Лимонный стол - Джулиан Барнс
Шрифт:
Интервал:
Закладка:
По понедельникам, средам, пятницам и воскресеньям, заявив свои супружеские права на четыре дня в неделю, его навещает моя мать. Она приносит ему виноград и вчерашнюю газету, а когда у него из левого уголка рта тянется слюна, она вынимает из коробки бумажную салфетку и вытирает струйку. Если на тумбочке лежит записка Элси, она рвет ее на мелкие клочья, а он притворяется, будто не замечает. Она разговаривает с ним об их общем прошлом, об их детях и их общих воспоминаниях. Когда она уходит, он провожает ее глазами и говорит очень внятно всем, кто готов слушать: «Моя жена, знаете ли. Много счастливых лет».
По вторникам, четвергам и субботам моего отца навещает Элси. Она приносит ему цветы, помадку домашнего изготовления, а когда у него капает слюна, вынимает из кармана белый обшитый кружевами платок с инициалом «Э», вышитым красными нитками, и утирает ему лицо с видимой нежностью. Она начала носить на безымянном пальце правой руки такое же кольцо, как кольцо, которое она носит в память Джима Ройса на левой руке. Она разговаривает с моим отцом о будущем, о том, как он поправится и о их жизни вместе. Когда она уходит, он провожает ее глазами и говорит очень внятно всем, кто готов слушать: «Моя жена, знаете ли.

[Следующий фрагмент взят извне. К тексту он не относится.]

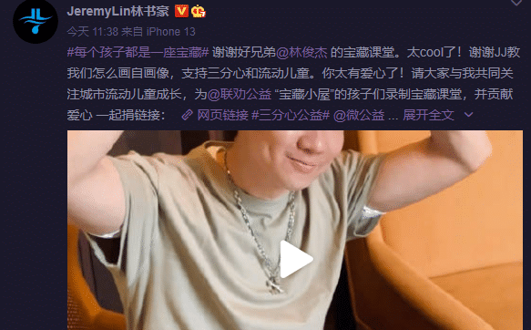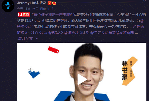 林书豪晒出了一段自己教给小朋友转篮球的视频,同时发起活动,配文称:“我是美好+1传播官林书豪,今年我的三分心捐款是13.5万元,但筹款仍在继续。请大家与我共同关注城市流动儿童成长,为“宝藏小屋”的孩子们录制宝藏课堂,并贡献爱心”
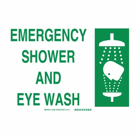 Brady 43482 "Emergency Shower & Eye Wash Emergency Shower and Eye Wash" Sign Aluminum Green on White 10" x 14"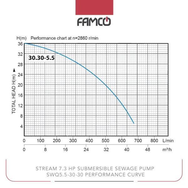 Stream 7.3 HP Submersible Sewage Pump SWQ30-30-5.5 Performance Curve

Много счастливых лет».
Безмолвие[63]
По крайней мере одно чувство во мне нарастает с каждым проходящим годом — томительное желание увидеть журавлей. В это время года я стою на вершине холма и вглядываюсь в небо. Сегодня они не появились. Только дикие гуси. Гуси были бы прекрасны, если бы не существовали журавли.
Молодой человек из газеты помог мне скоротать время. Мы говорили о Гомере, мы говорили о джазе. Он не знал, что моя музыка была использована в «Певце джаза»[64]. По временам невежество молодых меня возбуждает. Такое невежество сродни безмолвию.
Хитро, только через два часа, он спросил о новых сочинениях. Я улыбнулся. Он спросил про Восьмую симфонию. Я сравнил музыку с крыльями бабочки. Он сказал, что критики жалуются, будто я «исписался». Я улыбнулся. Он сказал, что некоторые — разумеется, не он! — обвинили меня в пренебрежении моим долгом — как-никак, я получаю пенсию от государства. Он спросил, когда именно будет завершена моя новая симфония. Я не улыбнулся.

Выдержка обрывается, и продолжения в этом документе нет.